@doppler As along the lines of what
@SMcNeill suggests by using a RAM drive. I essentially only run QB64 off a RAM drive. I use a very different implementation of RAM drive to that of
@SMcNeill. However in my implementation it takes about 7 seconds longer to start QB64 for the first time in a power up session but no wait if the computer is in sleep mode (rather than a restart).
If your SSD uses a SATA interface - you would probably notice significant speed increases (over the order of 10-17 times) compared to a spinning HDD. However if your SSD uses a PCIe interface (usually something like a M.2 drive) you may find that even greater speed increases are achieved over a SATA SSD.
RAM memory (e.g. for a RAM drive) is very much faster than SATA access however you may even find a speed performance decrease (compared to PCIe SSD).
Yes non-volatile SSD have finite write cycle lifetimes (however volatile SSD effectively supposed to have practically infinite write cycles e.g. referring to the RAM memory). A drawback of RAM memory (volatile) is if for instance the power is disconnected, the memory is lost forever - hence
@SMcNeill going for persistent configuration.
On SSD vs HDD endurance - SSD (non-volatile) media relies on a Quantum physics phenomenon (spinning HDD is only a magnetic phenomenon) and the technology is relatively new (compared to magnetic technology). A big problem with the Quantum physics approach is that manufacturers are pushing the limits into memory/cost factors to make the product competitive to spinning HDD. It is well known that decreasing the size of each memory cell = small silicon die chip = statistically higher production yields. However decreasing the number of silicon atoms per memory cell causes a drastic reduction of write cycles - so as a SATA SSD is grouped into so called TBW (Tera Bytes Written), a usb flash drive (having smaller memory cells) pales into insignificance compared to say SATA SSD.
Of course if you were really wanting the ultimate non-volatile SSD, as far as TBW is concerned - there is a relatively much newer technology with significant improvements of TBW - but be prepared to spend as much as 10x $'s per byte then the better brands SSD.

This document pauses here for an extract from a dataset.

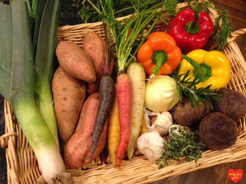 -1 organic beet (Note: the beet color bleeds onto the other vegetables. This isn’t a problem, but omit if this will bother you.)
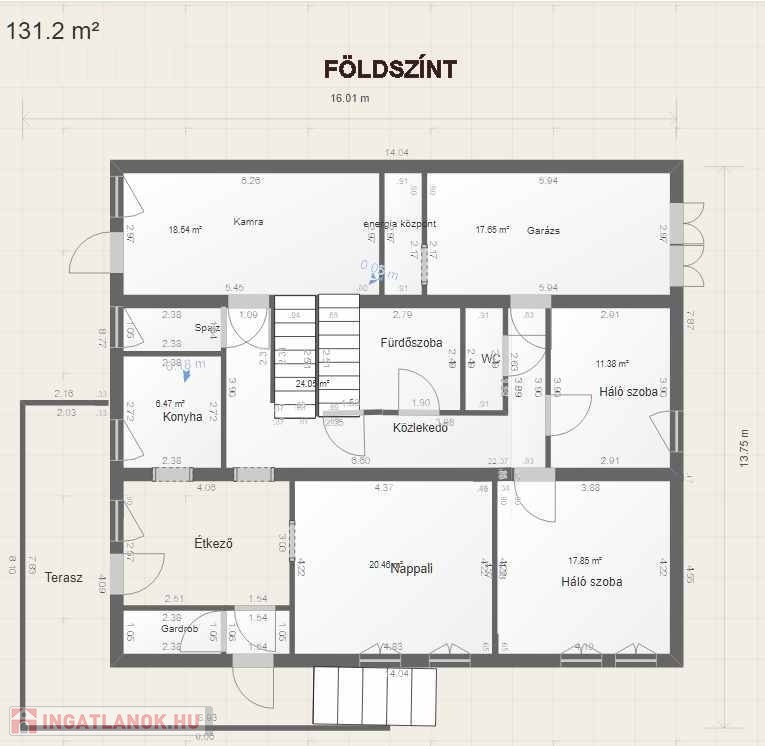 Fsz-en nappali-konyha-étkező, kamra, két hálószoba, fürdő és WC került kialakításra.

On my computer I have QB64 stable build on the PCIe SSD (where Windows is) and the QB64 dev builds (which I use much more often than the stable builds) is on the RAM drive. The ram drive folder is only about 600 Mbyte for me - so I could safely get away with a 750 Mbyte RAM drive (only for QB64). The QB64 stable build (on C:\) is where ALL QB64 programs are stored only (including those from the dev builds). The RAM drive does get "hammered" by the QB64 IDE constantly rewritting of the per-keystroke editing of a program.